We care about how CO2 came out of the Southern Ocean 17,000 years ago because we are putting a lot of CO2 into the ocean today and we need to understand how the ocean
exchanges CO2 with the atmosphere as climate changes. The important changes in sequestration and exchange of CO2 through the Southern Ocean that we studied occurred as global ocean circulation changed in response to the major global warming of that time. We can use this understanding to better appreciate how the ocean might respond to the increased CO2 and potential changes in circulation that we are undergoing today in response to global warming.
About Liz Sikes
Liz Sikes began her career in oceanography as a masters student in the UNC Marine Science program studying deep coral reefs in the Straits of Florida. From there she moved on to do her PhD in the MIT Woods Hole Joint Program in Oceanography, specializing in paleoceanography. Her interest in climate change lead her to conduct her thesis research on refining a new sea surface temperature estimation technique. This technique ( Uk'37 ), based on organic compounds, that is now widely used to determine past sea surface temperatures and quantify how much ocean temperatures changed in the past when during glacial to interglacial climate swings. In addition, she also studied past deep ocean circulation changes using isotopes. When she moved to Australia for a post-doctoral fellowship after finishing her PhD, Liz began to focus on the Southern Ocean’s influence on climate change – going on 6 cruises in the Southern Ocean to collect samples for her work, before she moved to New Zealand to work at the University of Auckland and then moved to Rutgers where she is now an Associate Professor.

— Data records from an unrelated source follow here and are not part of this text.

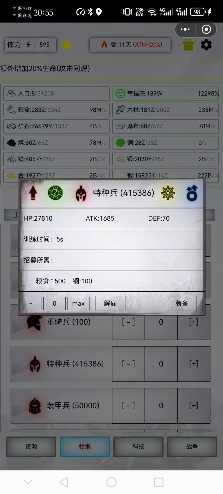 精50,简战2000%,出战20000,战损563永恒钢甲,丹药300-30-30-30,蒸汽31-523-10扫荡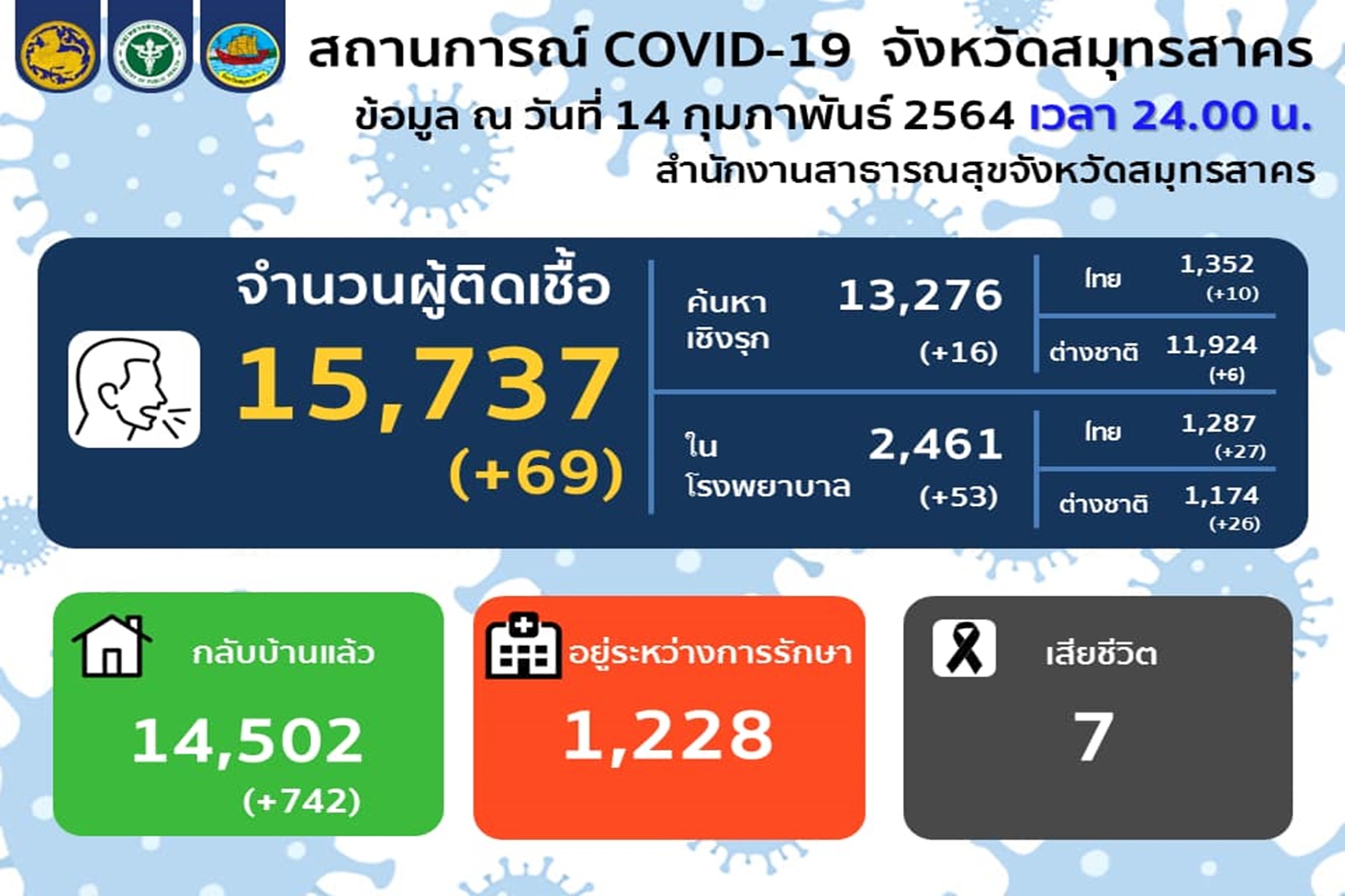 สำนักงานสาธารณสุขจังหวัดสมุทรสาคร รายงานข้อมูลจำนวนผู้ติดเชื้อโควิด-19 ในจังหวัดสมุทรสาคร ณ เวลา 24.00 น. วันที่ 14 ก.พ. 64 พบผู้ติดเชื้อรายใหม่จำนวน 69 ราย แบ่งเป็น จากการตรวจในโรงพยาบาล 53 ราย เป็นคนไทย 27 ราย ต่างชาติ 26 ราย , ผู้ติดเชื้อจากการค้นหาคัดกรองเชิงรุก 16 ราย เป็นคนไทย 10 ราย ต่างชาติ 6 ราย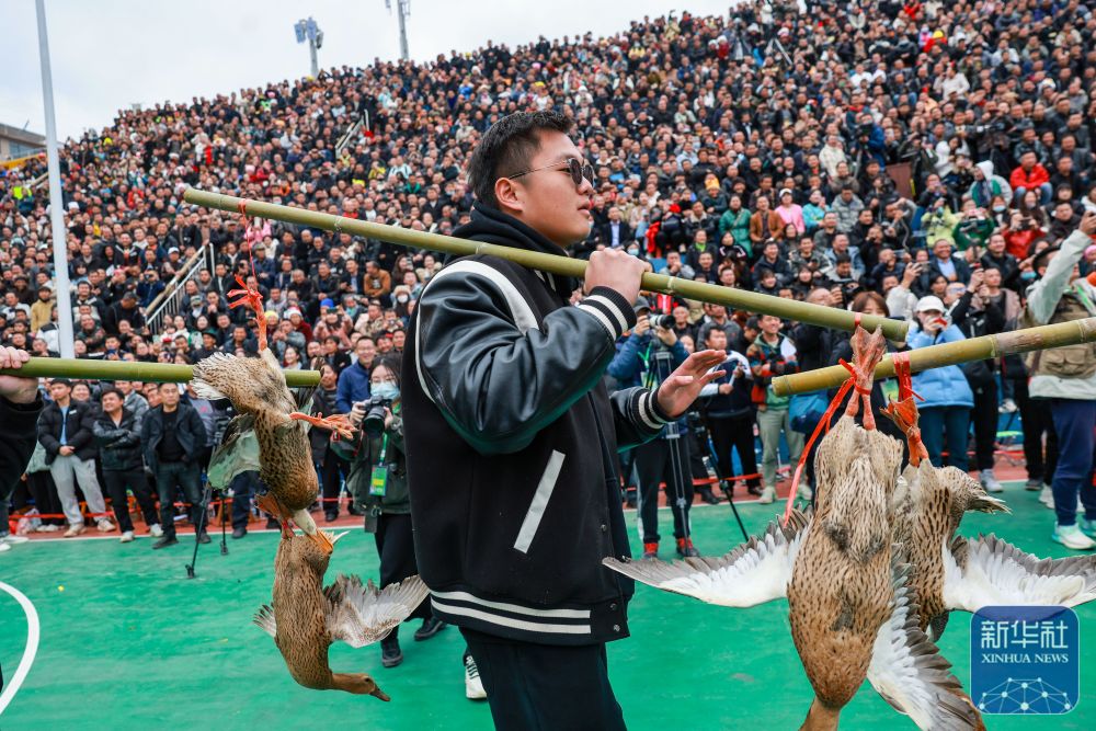 2023年3月27日,村民挑著當地農(nong) 特產(chan) 品“三穗麻鴨”進入賽場。這是季軍(jun) 銅仁市代表隊的獎品。 當日,貴州省首屆“美麗(li) 鄉(xiang) 村”籃球聯賽總決(jue) 賽在黔東(dong) 南州台江縣台盤村舉(ju) 行。新華社記者 歐東(dong) 衢 攝

After moving to Rutgers, Liz has continued to investigate the Southern Ocean’s influence on past climate and global circulation, traveling frequently to New Zealand to join research vessels voyaging to the Southern Ocean to obtain samples. In 2005, she was the chief scientist on the cruise that obtained cores that her team has been using to examine past temperature and deep ocean circulation over the last 30,000 years. When she’s not at sea (which is most of the time) Liz runs an organic geochemistry lab, where in addition to investigating past climate change, the group investigating what controls the biological production of the temperature marker compounds in and modern carbon cycling and carbon transport in the coastal ocean. The thing she finds most interesting about being an oceanographer is the fact it truly is an interdisciplinary science where she can use her training in geology, chemistry and biology to investigate the exciting questions in marine science today.